# Problem:
All that is needed is the lines from the one containing "This fun Christmas" through the end of the listing, printed exactly, with no pictures among them.
Data section Block Start
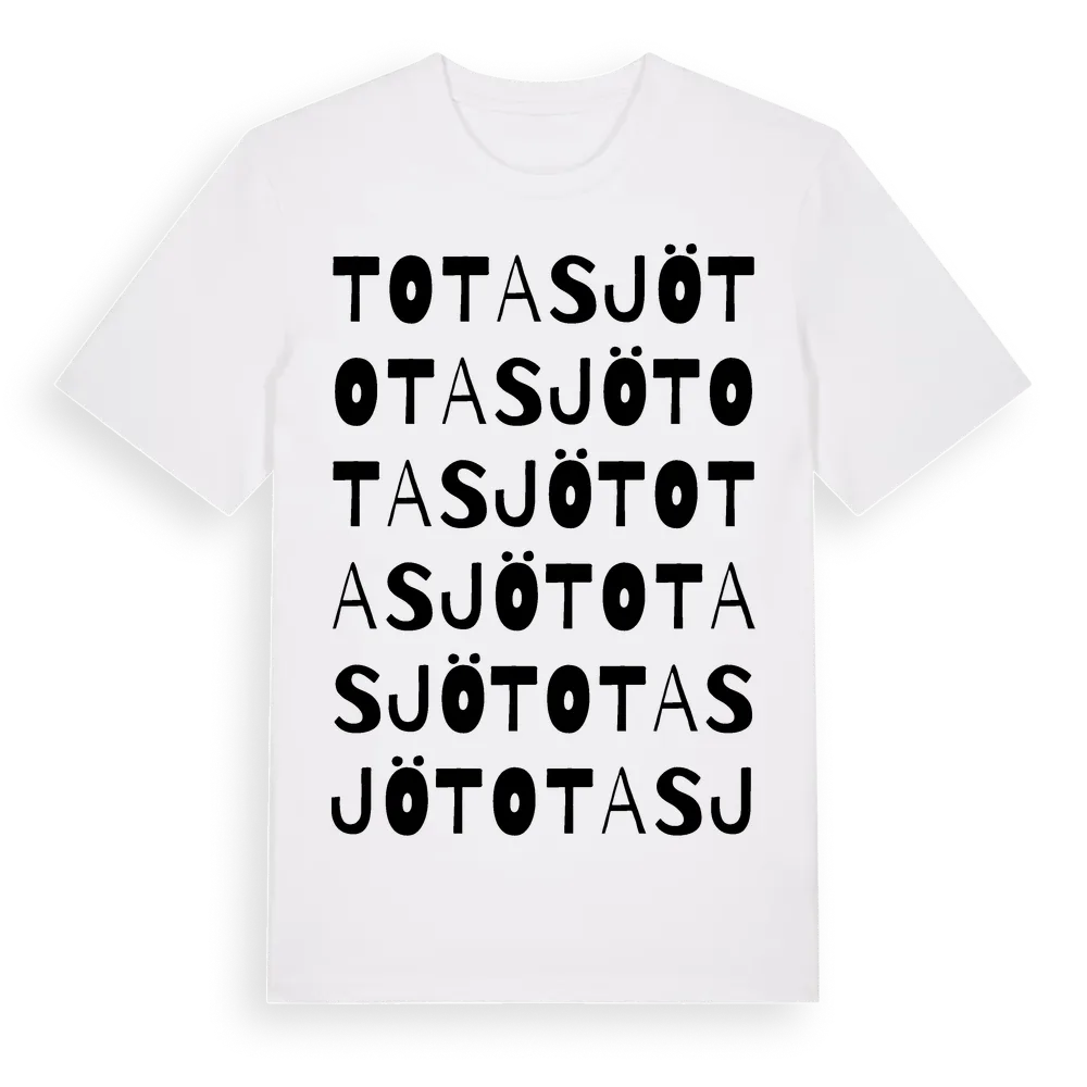 Totasjö ordlek t-shirt är inspirerad av byn Totasjö i Blekinge län, Sverige. Tröjan är designad för dig som har en speciell koppling till platsen – oavsett om du bor här, har rötterna här eller bara älskar Totasjö.
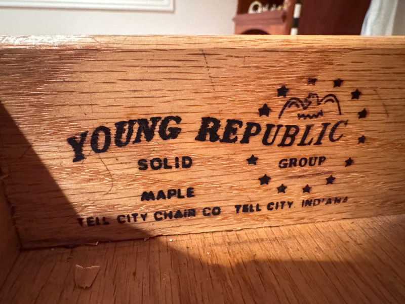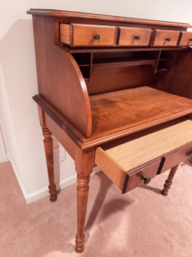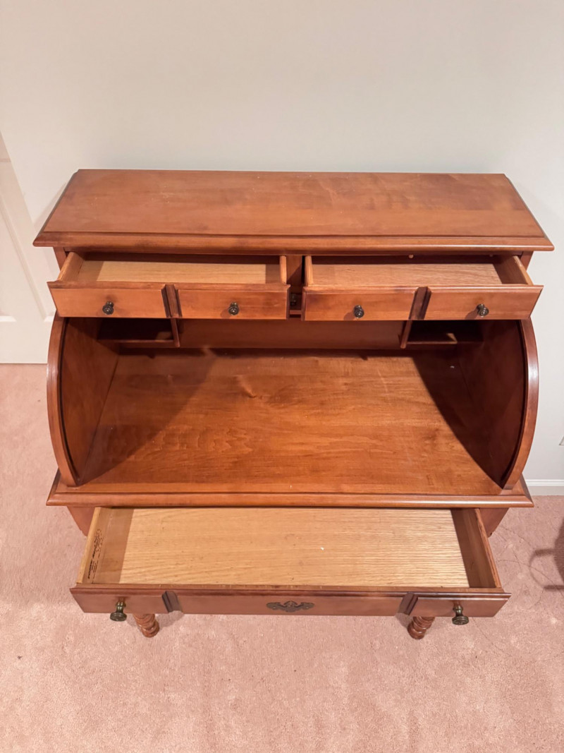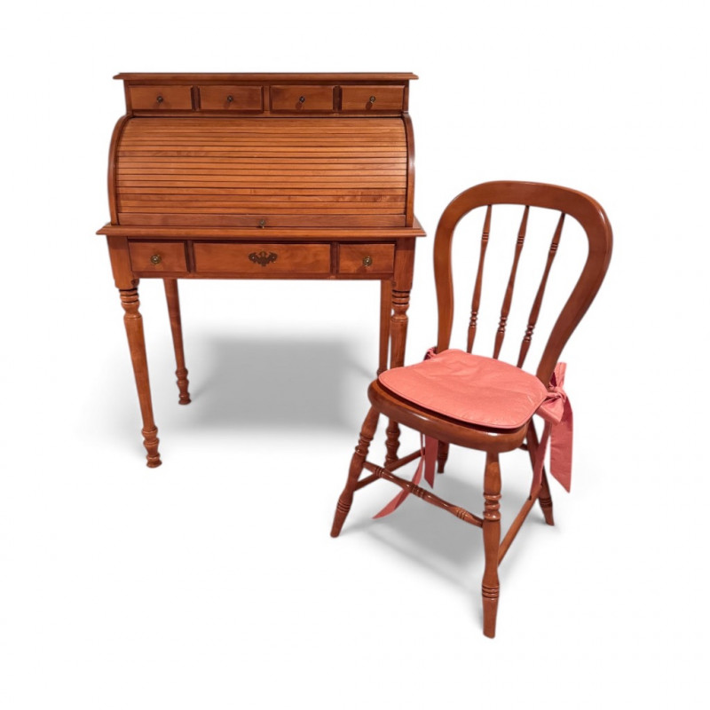 Vintage Tell City Young Republic Maple Roll-Top Desk + Chair.
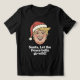 This fun Christmas design features a cheerful Santa-style cartoon character delivering a playful call for holiday peace.
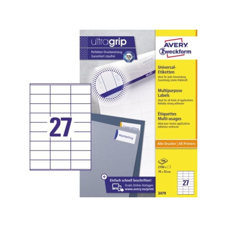 Avery Zweckform Universaletikett 3479 70x32mm weiß 2.700 St./Pack.
Data section Block End
# Completed task:
 This fun Christmas design features a cheerful Santa-style cartoon character delivering a playful call for holiday peace.
 Avery Zweckform Universaletikett 3479 70x32mm weiß 2.700 St./Pack.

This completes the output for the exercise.